Use E-MapReduce (EMR) Apache Flume to stream Hadoop Distributed File System (HDFS) audit logs to HDFS in real time. This guide walks you through configuring Flume agents on each node type and starting them from the EMR console.
How it works
The pipeline uses three Flume agents running across your cluster:
-
Master node (master-1-1): A taildir source reads the HDFS audit log file (
/mnt/disk1/log/hadoop-hdfs/hdfs-audit.log.*), batches events, and forwards them over Avro RPC to both core nodes. -
Core nodes (core-1-1, core-1-2): An Avro source receives events from the master node. An HDFS sink writes the events to HDFS. The two core nodes act as a failover pair—the master node's sink group prioritizes core-1-1 and fails over to core-1-2.
master-1-1
taildir source ──avro──► core-1-1 (HDFS sink, priority 10)
──avro──► core-1-2 (HDFS sink, priority 5, failover)
Prerequisites
Before you begin, ensure that you have:
-
An EMR data lake cluster
-
Flume selected as an optional service when the cluster was created (see Create a cluster)

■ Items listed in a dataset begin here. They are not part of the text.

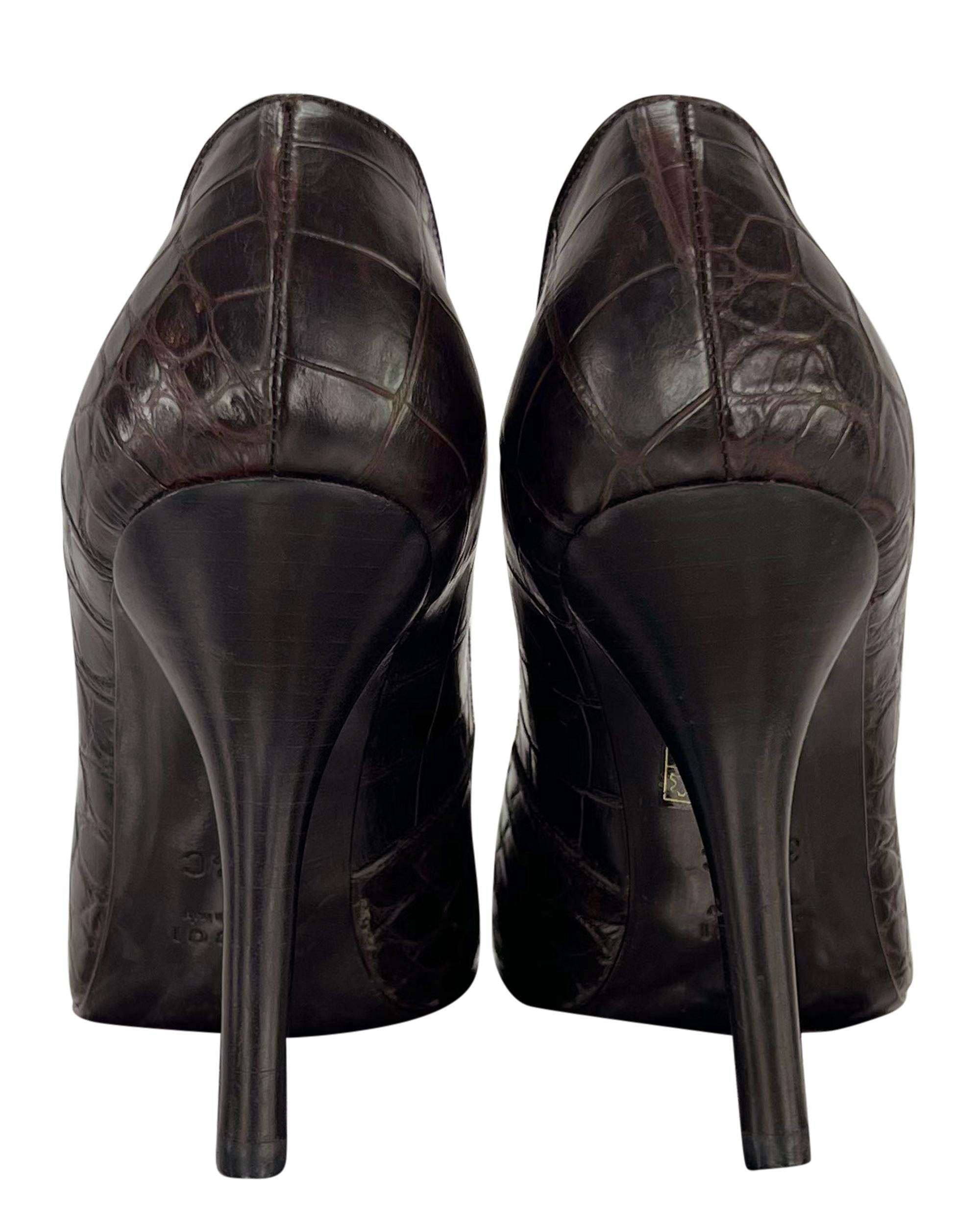 F/W 1998 Gucci by Tom Ford Ad Genuine Alligator Brown Peep Toe Heels Pumps 36.5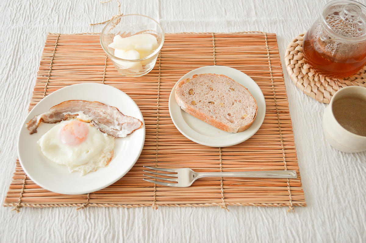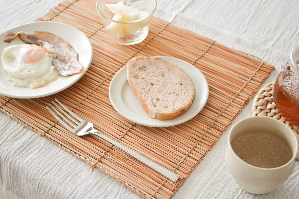 どのパターンでも相性良く、さらっとした質感の月桃が食事を引き立ててくれます。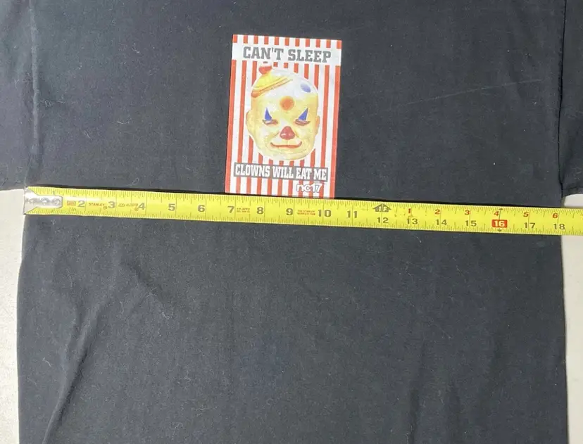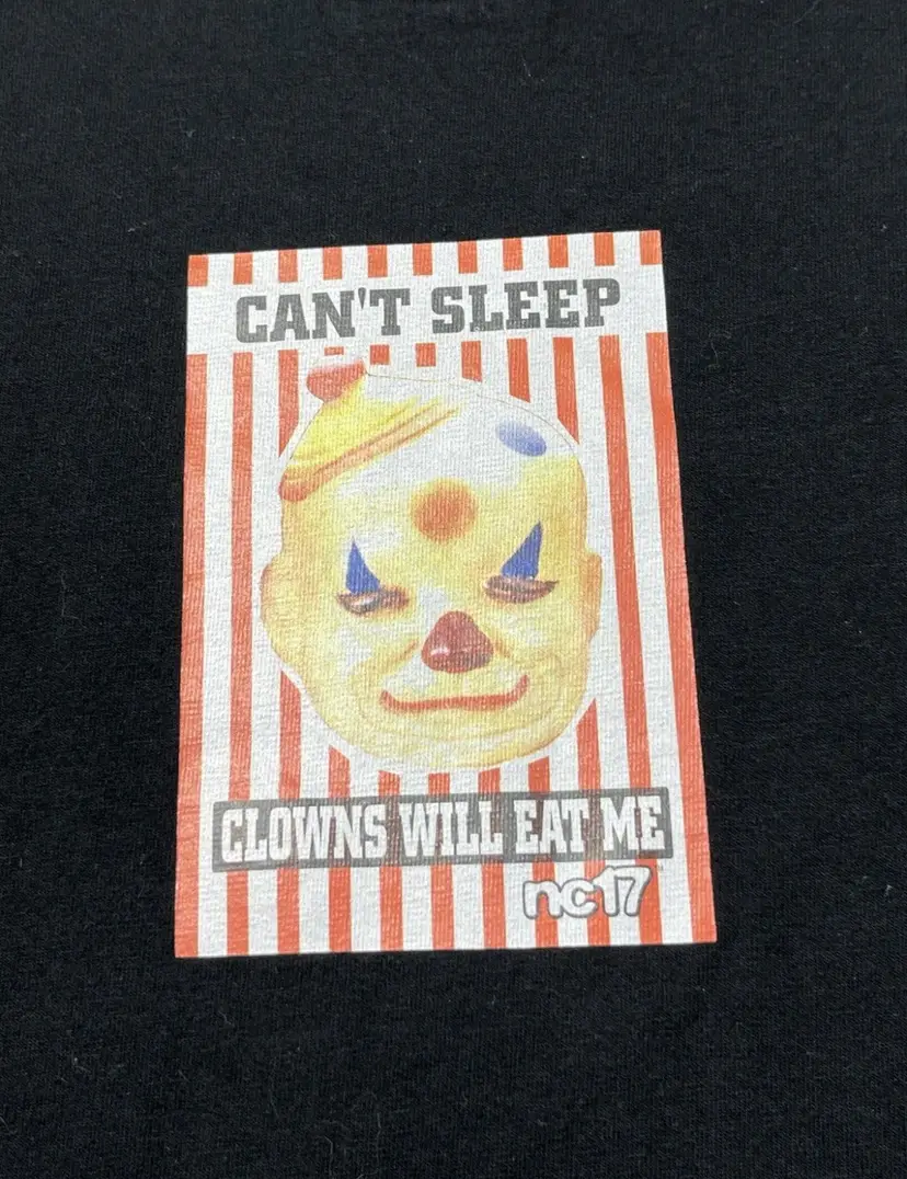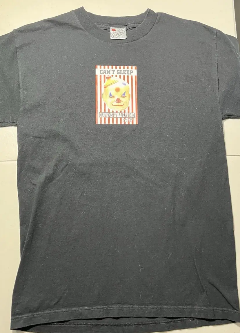 See all photos for condition. Rare, NC17 vintage T shirt. “Can’t Sleep, Clowns Will Eat Me”. Size medium. Minor marks on shirt, shown in photo. Selling as is.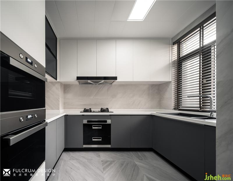 島臺(tái)的對(duì)面是廚房,到頂?shù)墓褡訚M足收納。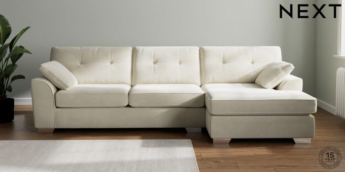 7.0.3 Buy Stamford Buttoned Back Large Sofa Chaise - Right Hand Luxe Chenille Oyster Large Square Angle - Chrome Metal from the Next UK online shop Click here to use our accessible website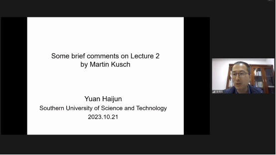 在评议环节,袁海军总结了讲座内容并提出六个问题:一是哲学或社会学是否有可能辨明知识和社会的关系;二是关于科学或知识与民主社会关系的合适哲学理论应该是什么,基切尔的“良序科学”是否是一个代表;三是应该如何理解“形而上学命题是社会学命题”;四是我们是否应该将心灵哲学和语言哲学作为解决知识和社会关系之谜的理论资源;五是库什和约翰·塞尔关于社会身份(social status)的论述存在哪些区别;六是SSK和福柯之间存在什么关系。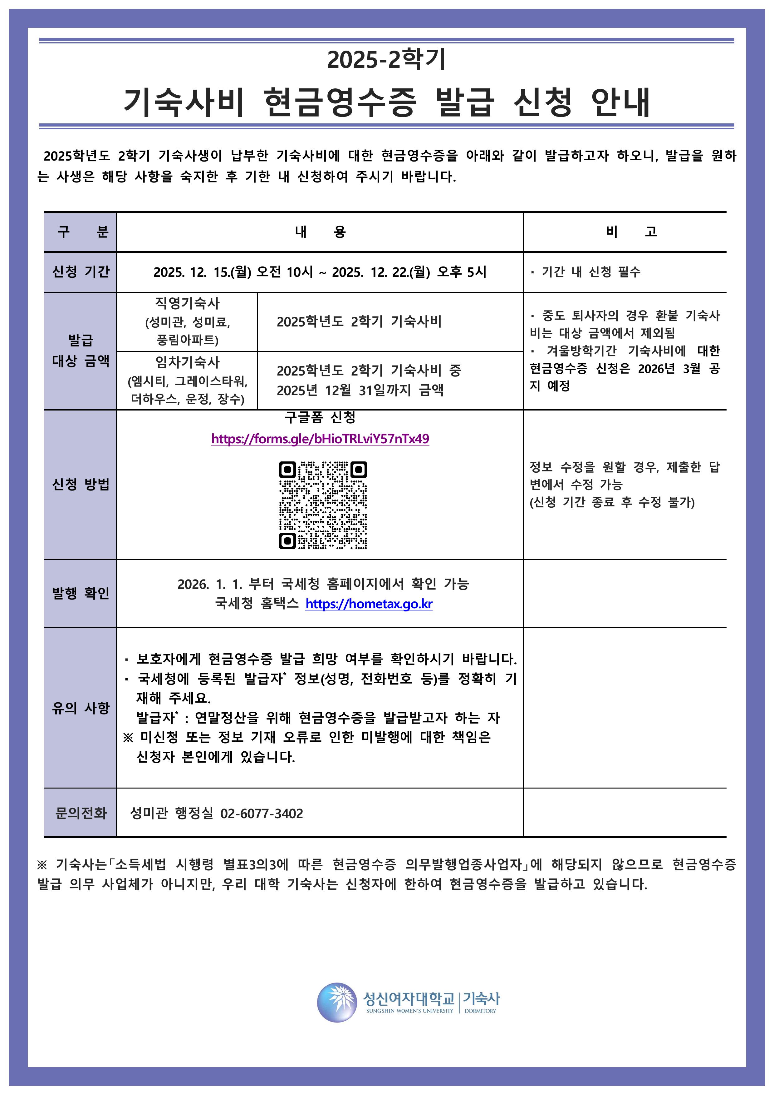 fnctId=bbs,fnctNo=4077 [일반] 2025-2학기 기숙사비 현금영수증 발급 신청 안내 작성일 2025.12.12 수정일 2025.12.12 작성자 기숙사 조회수 318 글번호 149891 첨부파일 2025-2 현금영수증 신청안내.pdf 미리보기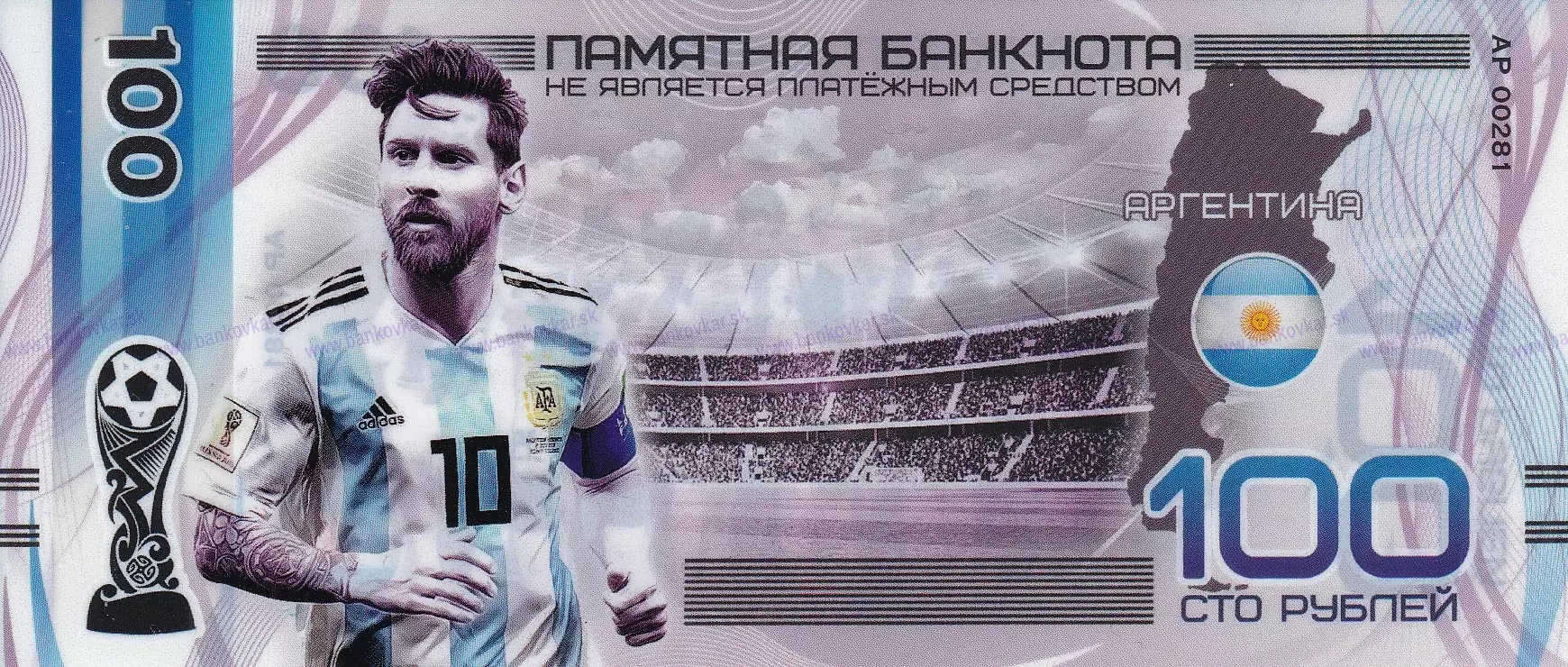 | Predná strana: | Lionel Andrés Messi Cuccittini, tiež známy ako Leo Messi, je argentínsky profesionálny futbalista, ktorý hrá v Ligue 1 za Paris Saint-Germain FC a je kapitánom argentínskeho národného mužstva. Často býva označovaný za najlepšieho futbalistu v histórii. | |||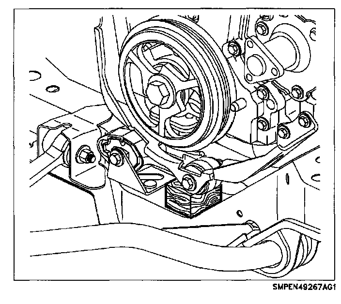 NOTE: To prevent engine front cover and mount damage, the three front engine mount-to-front cover nuts must be tightened down uniformly.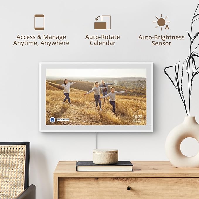 • 【Charming Digital Picture Frame】: When not in use, your smart calendar transforms into a beautiful digital picture frame. Showcase treasured family photos on the crystal-clear 21.5" large touchscreen, adding a touch of elegance to any room as modern home decor.

Configure and start Flume agents
Step 1: Go to the Services tab
-
Log on to the EMR console. In the left-side navigation pane, click EMR on ECS.
-
In the top navigation bar, select the region where your cluster resides and select a resource group.
-
On the EMR on ECS page, click Services in the Actions column of your cluster.
Step 2: Open the Flume configuration
On the Services tab, click Configure in the Flume service section.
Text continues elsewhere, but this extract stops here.